Warum wird in so ziemlich jedem Buffed.de-Video vom "Litschkönig" gesprochen? Was soll das sein? Eine neue Wortschöpfung aus dem englischen "Lich" und dem deutschen "König"? Lich ist auch ein deutsches Wort. Und im deutschen wird es genauso ausgesprochen wie man es liest, mit "ch", nicht mit "tsch", so wie es auch schon die Einheiten in WarCraft 3 getan haben. Entweder Lichking (Litschking gesprochen) oder Lichkönig, aber bitte keinen Litschkönig mehr.
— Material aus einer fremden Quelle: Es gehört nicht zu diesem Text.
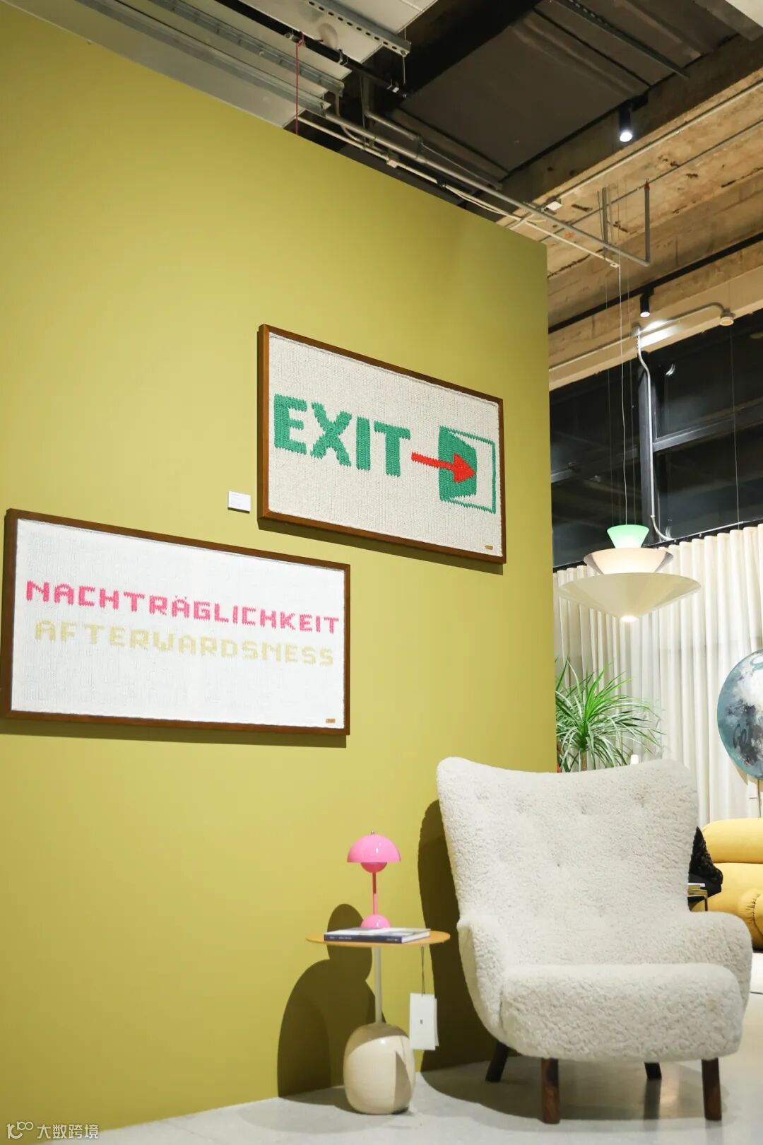 她选择了芥末黄色墙面的空间。色彩的张力,与羊毛作品的柔软形成对照,强化了作品与环境之间的情绪对话。&Tradition 的 Petra 沙发以中性而包裹的姿态,延续了这种安全、温暖的氛围——这里不是被观看的展区,而是一处可以被共享的停留之所。
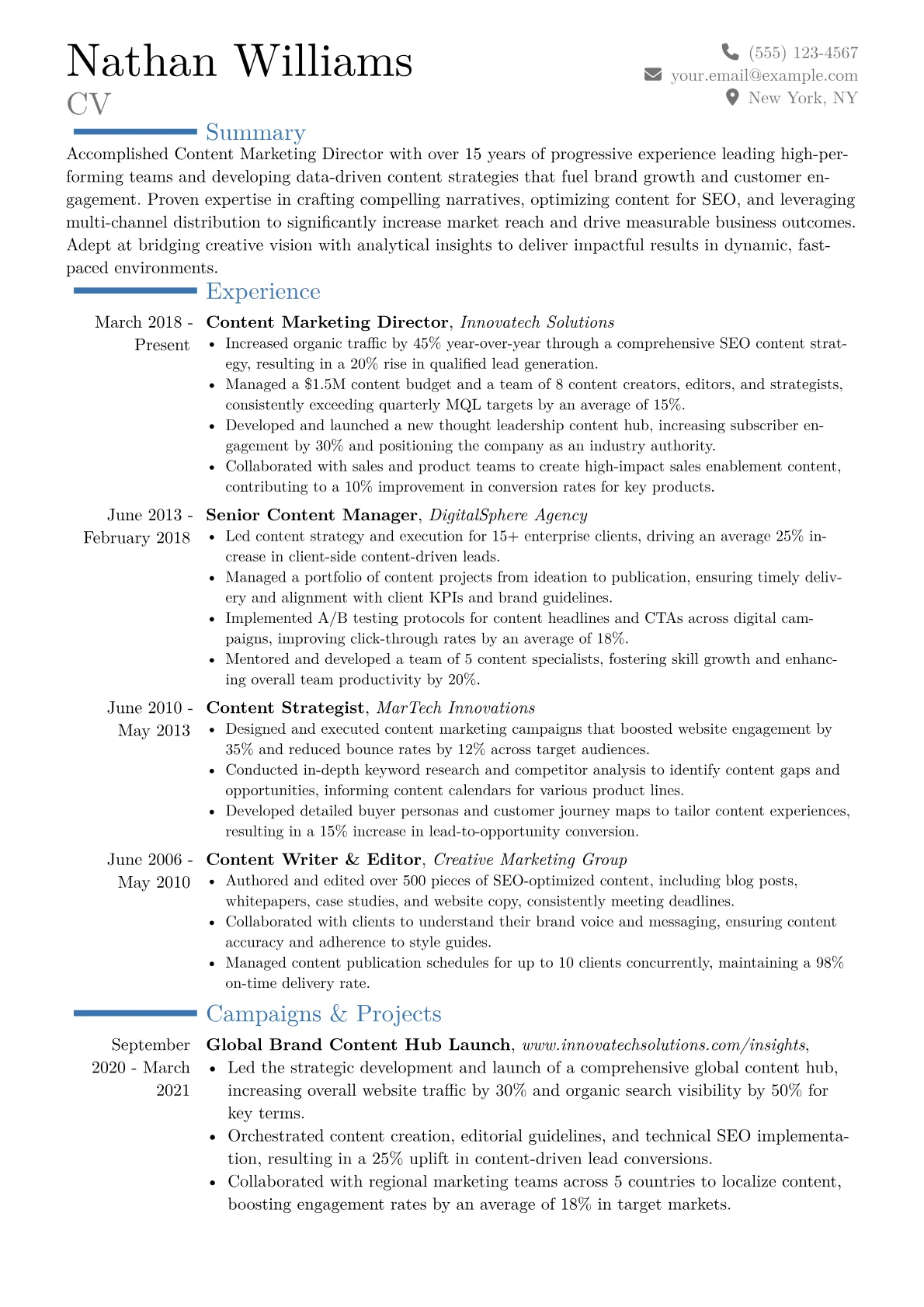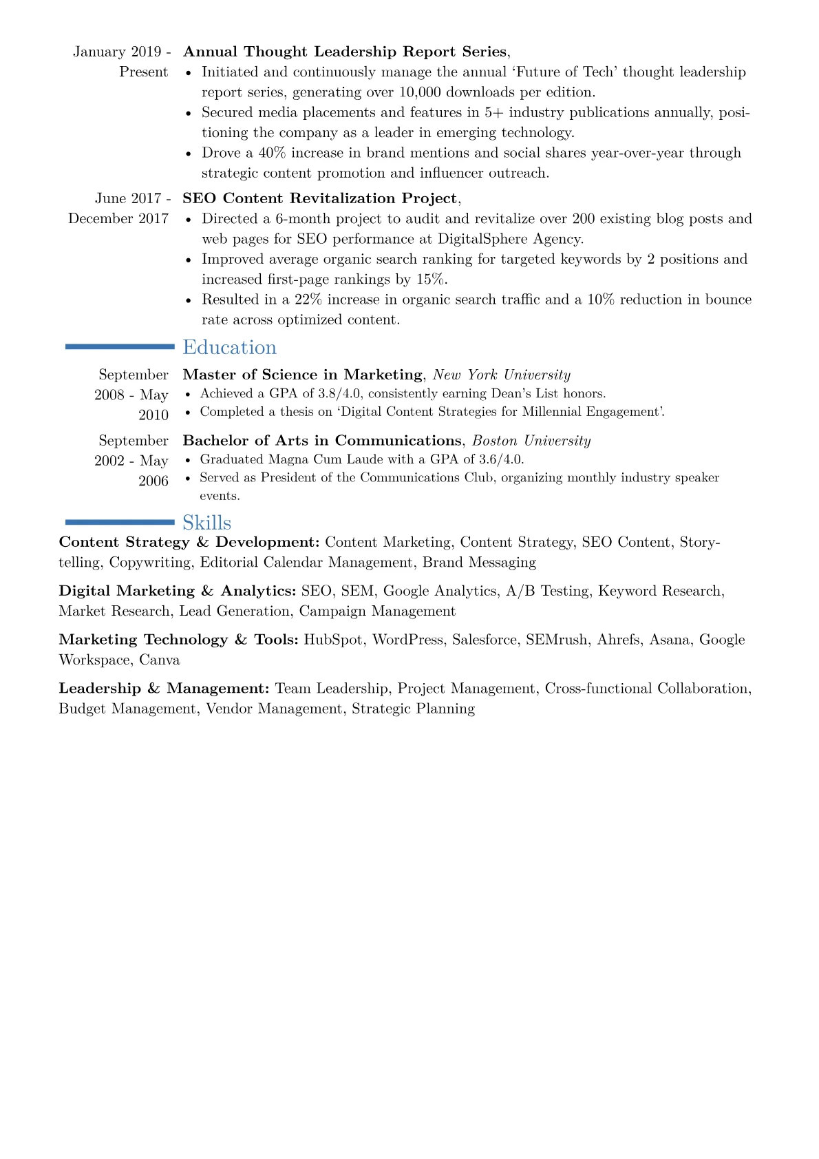 This example CV excels by foregrounding these executive-level contributions. Achievements are powerfully quantified, detailing the specific results generated, such as "increased MQLs by 35% through optimized content funnels" or "managed a $X million content budget across five brands." Skills are intelligently grouped, separating strategic capabilities like "Content Strategy & Roadmapping" from technical proficiencies such as "Ahrefs, SEMrush, WordPress." Key certifications, for example, "HubSpot Content Marketing Certified," are prominently featured alongside specific content and SEO tools, signaling a command of the contemporary content landscape.

Bitte. 


			Dieser Inhalt steht nur eingeloggten Mitgliedern zur Verfügung.


----------



## rofldiepofl (20. Juli 2008)

toll, und jetzt?


----------



## WarriParanoia (20. Juli 2008)

Duath schrieb:


> Warum wird in so ziemlich jedem Buffed.de-Video vom "Litschkönig" gesprochen? Was soll das sein? Eine neue Wortschöpfung aus dem englischen "Lich" und dem deutschen "König"? Lich ist auch ein deutsches Wort. Und im deutschen wird es genauso ausgesprochen wie man es liest, mit "ch", nicht mit "tsch", so wie es auch schon die Einheiten in WarCraft 3 getan haben. Entweder Lichking (Litschking gesprochen) oder Lichkönig, aber bitte keinen Litschkönig mehr. Bitte.
> 
> 
> Dieser Inhalt steht nur eingeloggten Mitgliedern zur Verfügung.



da ich aus nürnberg komm wollt ich ja schonmal beim buffed team in fürth vorbeischauen & denen english untericht anbieten xD

genau deiner meinung!


----------



## lakiller (20. Juli 2008)

er hat aber recht *g*


----------



## Deadmage (20. Juli 2008)

Jo stimmt darüber hab ich mich auch schon aufgeregt!!


----------



## Argatosch - Son of Thorox (20. Juli 2008)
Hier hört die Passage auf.